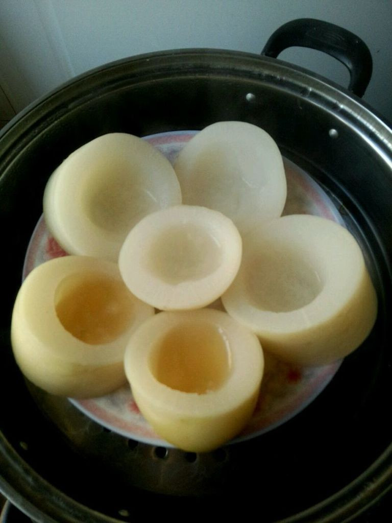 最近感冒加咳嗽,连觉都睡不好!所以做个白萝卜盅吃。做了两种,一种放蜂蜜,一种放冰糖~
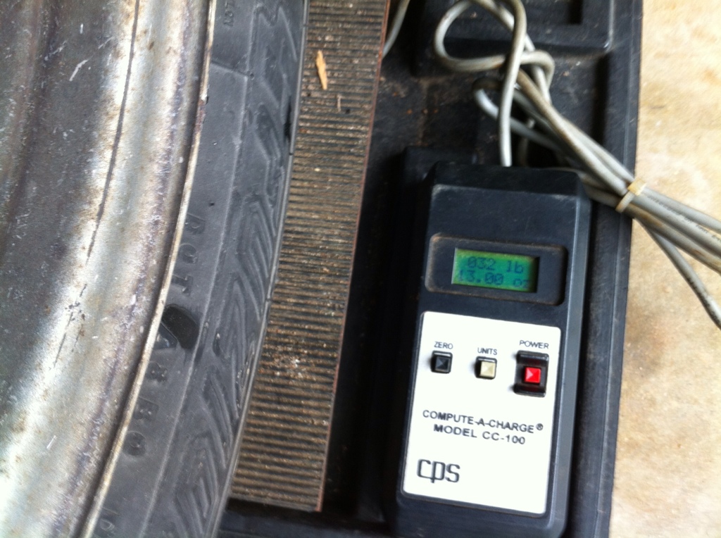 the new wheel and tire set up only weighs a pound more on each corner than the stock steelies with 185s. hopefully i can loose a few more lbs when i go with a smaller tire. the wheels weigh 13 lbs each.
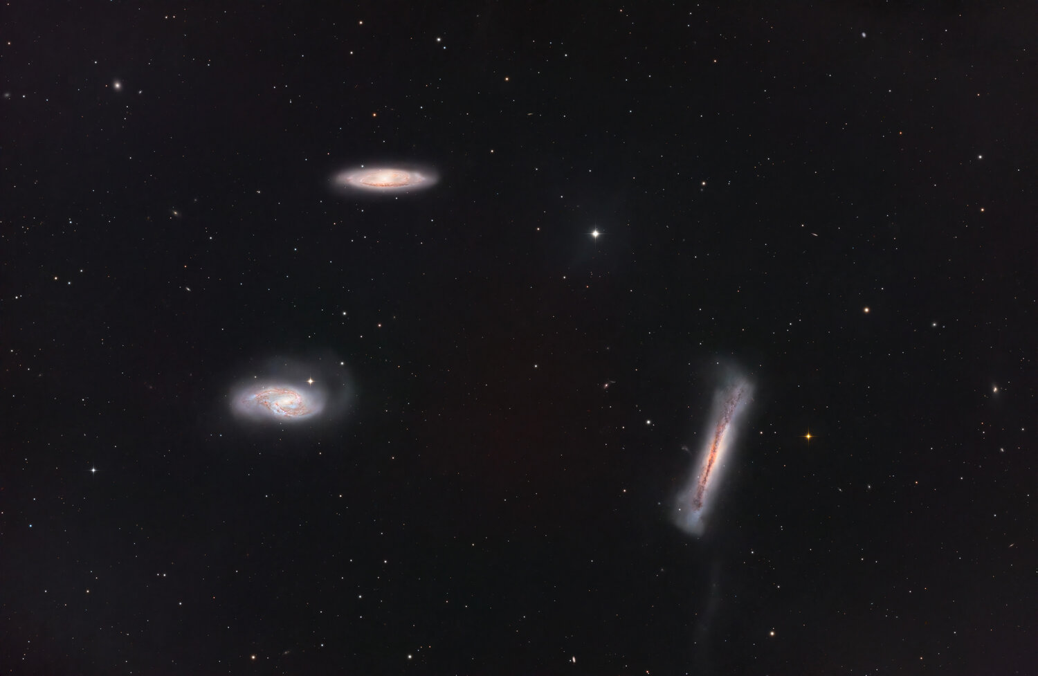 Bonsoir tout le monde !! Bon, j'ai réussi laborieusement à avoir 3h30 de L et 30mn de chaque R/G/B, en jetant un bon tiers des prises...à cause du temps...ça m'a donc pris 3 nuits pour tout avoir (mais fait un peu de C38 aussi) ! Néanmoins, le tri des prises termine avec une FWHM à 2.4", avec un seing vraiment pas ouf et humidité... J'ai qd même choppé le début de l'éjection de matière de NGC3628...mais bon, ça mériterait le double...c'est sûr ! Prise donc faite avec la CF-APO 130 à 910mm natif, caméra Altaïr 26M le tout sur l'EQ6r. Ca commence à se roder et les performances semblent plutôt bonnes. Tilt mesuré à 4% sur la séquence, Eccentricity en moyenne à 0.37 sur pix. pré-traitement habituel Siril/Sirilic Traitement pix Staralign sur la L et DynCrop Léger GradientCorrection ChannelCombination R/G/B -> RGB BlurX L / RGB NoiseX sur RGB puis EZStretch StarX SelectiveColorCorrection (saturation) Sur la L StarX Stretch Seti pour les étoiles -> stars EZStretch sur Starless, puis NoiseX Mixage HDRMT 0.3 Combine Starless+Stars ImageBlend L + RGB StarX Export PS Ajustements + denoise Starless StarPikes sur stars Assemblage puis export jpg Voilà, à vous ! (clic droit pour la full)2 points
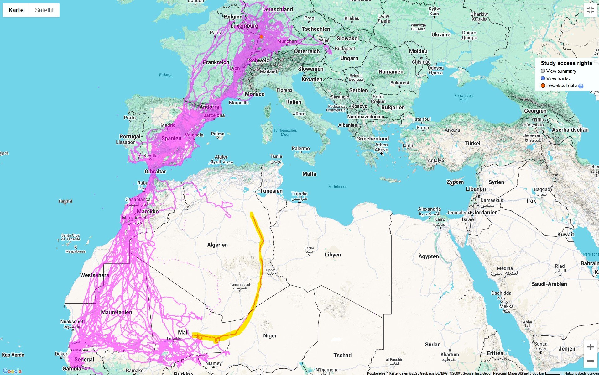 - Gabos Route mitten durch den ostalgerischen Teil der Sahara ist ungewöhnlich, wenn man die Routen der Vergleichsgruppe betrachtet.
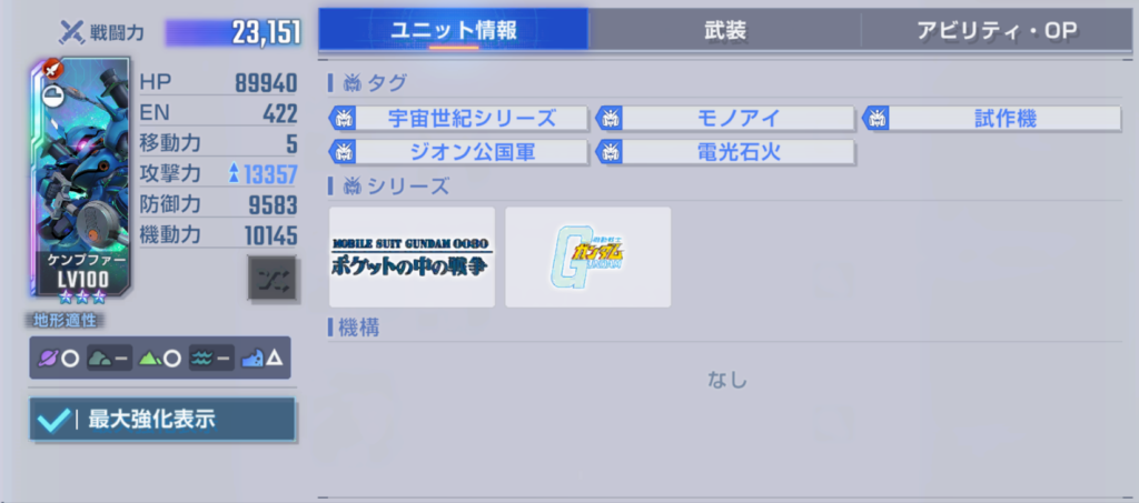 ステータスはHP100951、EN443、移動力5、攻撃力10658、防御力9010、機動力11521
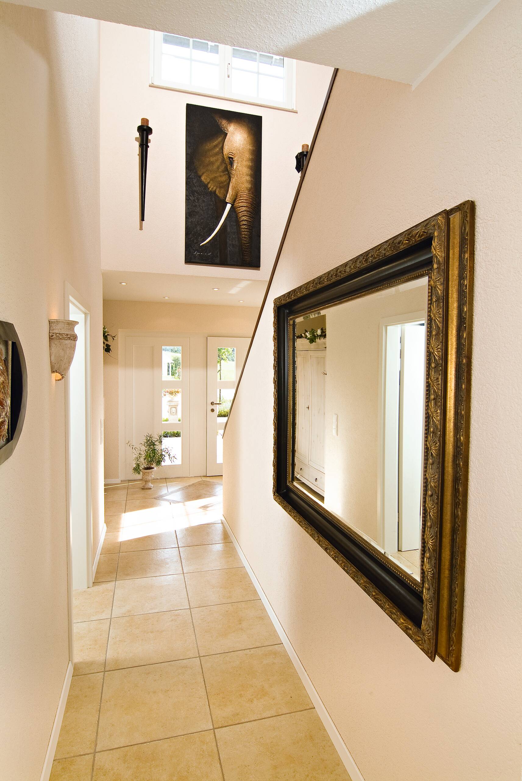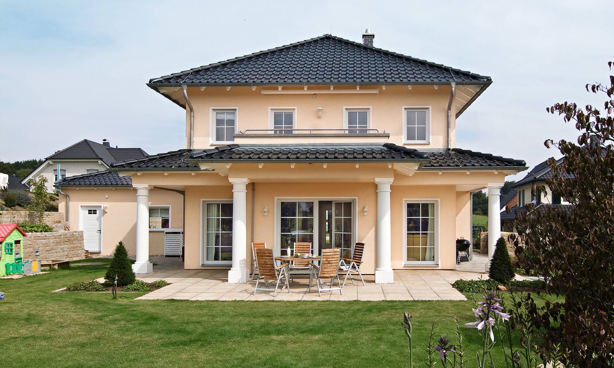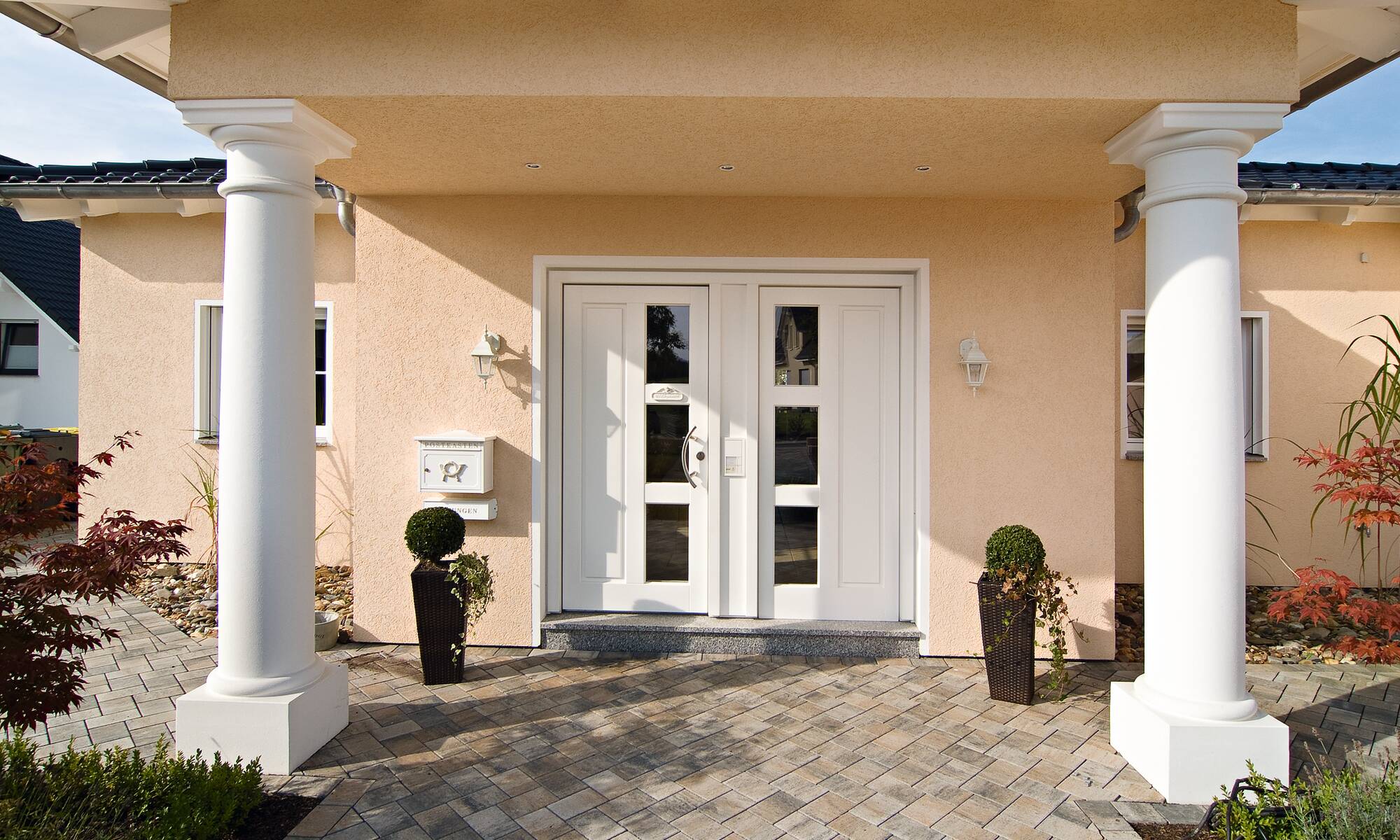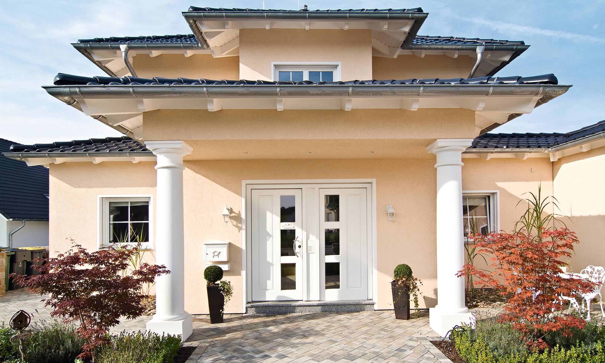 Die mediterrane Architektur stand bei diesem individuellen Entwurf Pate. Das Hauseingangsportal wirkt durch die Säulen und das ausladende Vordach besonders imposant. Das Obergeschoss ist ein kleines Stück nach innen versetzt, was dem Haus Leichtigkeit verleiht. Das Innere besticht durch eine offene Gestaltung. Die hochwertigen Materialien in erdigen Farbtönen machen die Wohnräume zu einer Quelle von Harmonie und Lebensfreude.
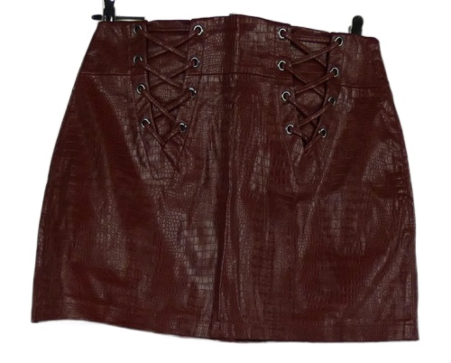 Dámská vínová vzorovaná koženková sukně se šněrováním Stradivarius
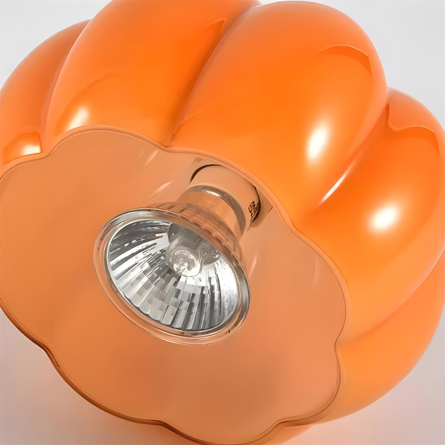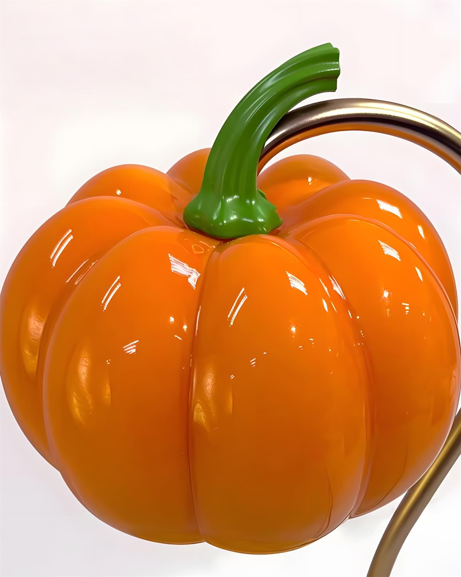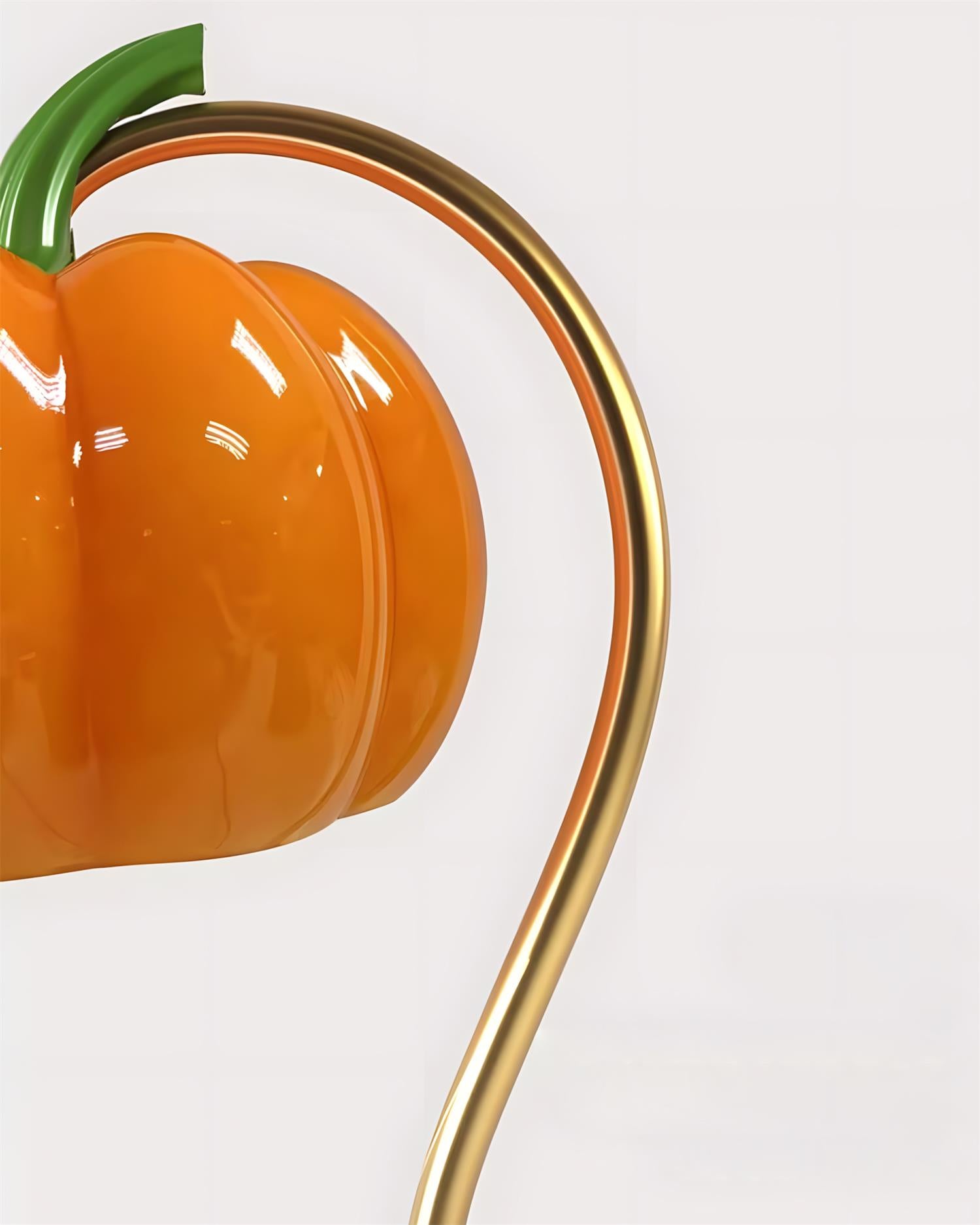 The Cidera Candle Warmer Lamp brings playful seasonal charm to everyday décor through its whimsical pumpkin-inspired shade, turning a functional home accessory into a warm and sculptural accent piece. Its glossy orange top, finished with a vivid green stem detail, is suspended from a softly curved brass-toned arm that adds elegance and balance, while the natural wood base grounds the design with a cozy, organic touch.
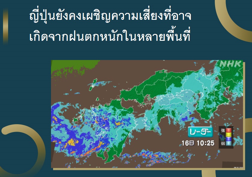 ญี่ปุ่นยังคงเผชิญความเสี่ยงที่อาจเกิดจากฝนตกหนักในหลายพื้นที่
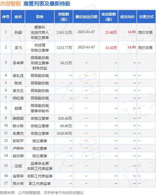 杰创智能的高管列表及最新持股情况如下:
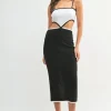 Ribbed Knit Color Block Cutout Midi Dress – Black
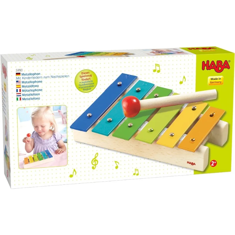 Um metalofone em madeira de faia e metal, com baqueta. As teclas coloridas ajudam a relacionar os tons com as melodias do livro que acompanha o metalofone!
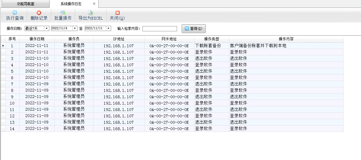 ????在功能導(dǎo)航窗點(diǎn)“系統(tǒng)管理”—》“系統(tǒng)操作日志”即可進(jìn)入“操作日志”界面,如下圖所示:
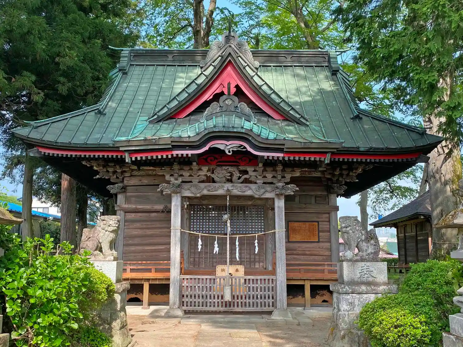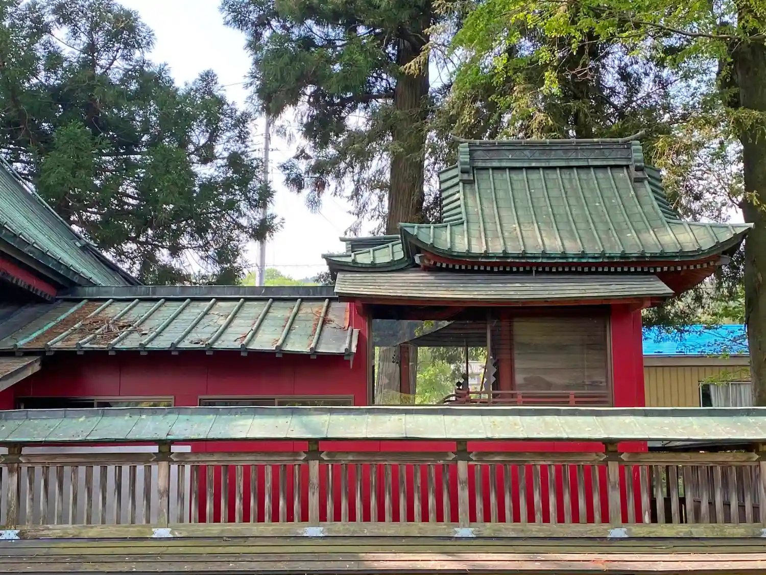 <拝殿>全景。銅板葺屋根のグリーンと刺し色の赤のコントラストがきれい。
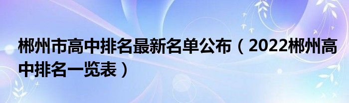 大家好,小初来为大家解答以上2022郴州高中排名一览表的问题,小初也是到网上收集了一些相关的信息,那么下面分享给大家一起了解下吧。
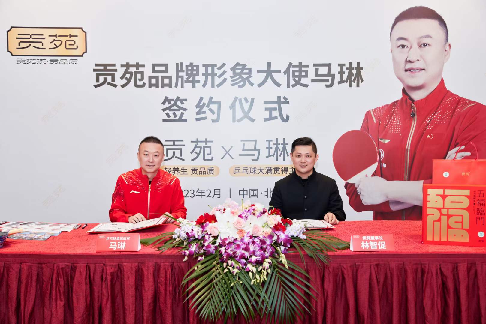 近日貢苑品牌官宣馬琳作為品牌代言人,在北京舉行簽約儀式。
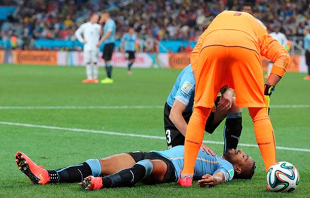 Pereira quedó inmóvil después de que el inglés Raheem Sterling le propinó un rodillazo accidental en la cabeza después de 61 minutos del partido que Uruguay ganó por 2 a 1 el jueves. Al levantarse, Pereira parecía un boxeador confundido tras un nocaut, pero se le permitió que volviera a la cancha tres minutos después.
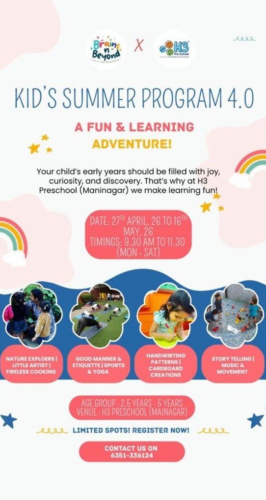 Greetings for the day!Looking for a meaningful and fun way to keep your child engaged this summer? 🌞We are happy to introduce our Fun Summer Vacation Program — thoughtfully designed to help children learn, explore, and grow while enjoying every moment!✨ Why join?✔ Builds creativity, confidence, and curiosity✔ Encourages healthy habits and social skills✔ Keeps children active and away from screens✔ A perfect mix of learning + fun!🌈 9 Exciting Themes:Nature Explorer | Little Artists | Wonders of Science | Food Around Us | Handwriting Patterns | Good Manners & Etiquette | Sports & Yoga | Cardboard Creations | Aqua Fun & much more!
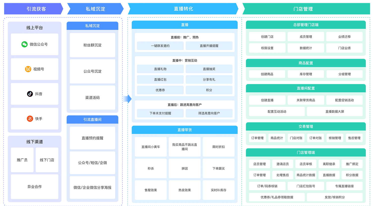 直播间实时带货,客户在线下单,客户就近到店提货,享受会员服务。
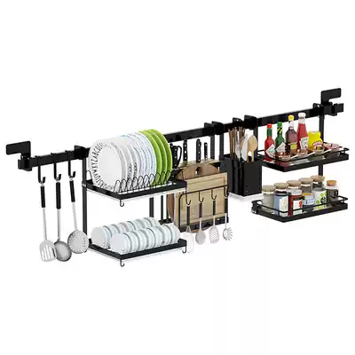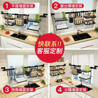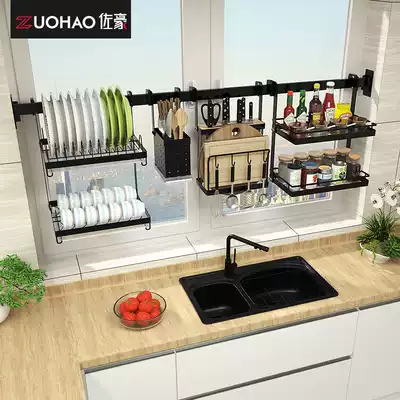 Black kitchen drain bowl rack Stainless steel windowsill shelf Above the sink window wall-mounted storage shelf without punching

* * * * *

§ **WHAT IS BEING ASKED**
Set down exactly the lines running from the beginning of the entries above to the line that contains "the new wheel", including both, and leave out pictures.

§ **ANSWER TO THIS TASK**
 最近感冒加咳嗽,连觉都睡不好!所以做个白萝卜盅吃。做了两种,一种放蜂蜜,一种放冰糖~
 the new wheel and tire set up only weighs a pound more on each corner than the stock steelies with 185s. hopefully i can loose a few more lbs when i go with a smaller tire. the wheels weigh 13 lbs each.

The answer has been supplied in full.